Maintaining its character amid Charlotte’s shadow is a challenge. “In the last 25 years, we’ve gone from an in-commute, where most people were driving here to work, to an out-commute, where the bulk of our citizens now commute mostly to Mecklenburg,” Bill Cannon says.
“There’re 200,000 people in Cabarrus County now. There’re a half-dozen different ‘Concords,’” adds Hayes. Congestion is a growing nuisance, along both the U.S. 29 and Interstate 85 arteries to Charlotte.
Concord lost its biggest employer and taxpayer when the 2,500-employee Philip Morris USA cigarette plant closed in 2009. A rebound seemed likely when Alevo, a European maker of industrial-scale batteries, promised thousands of jobs at the plant before unexpectedly closing last year (“Powering down,” February).

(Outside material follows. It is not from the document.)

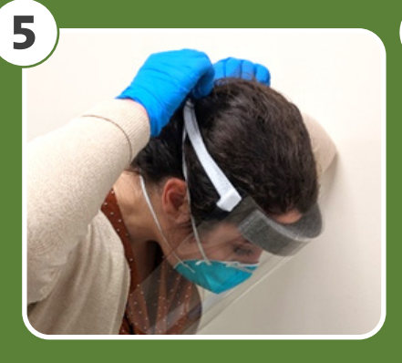
Slightly lean forward, remove face shield using two hands touching only the elastic band behind ears.

Today, the medical center is the city’s largest employer, with more than 4,500 workers. Home-grown S&D Coffee Inc., founded in 1927, employs more than 1,100 and the speedway, about 1,000. Online retailer Amazon.com Inc.’s new $85 million fulfillment center in neighboring Kannapolis has more than 600 workers.
Putting a best foot forward, Bob Carney, director of Cabarrus Economic Development, Hayes and others say the empty Philip Morris site, with a 3 million-square-foot plant and potential 3,000 acres, joins the state’s roster of megasites available for a major manufacturer such as an automaker.
Hayes sums up the optimism. “We’re a home run,” he says, “waiting to be hit.”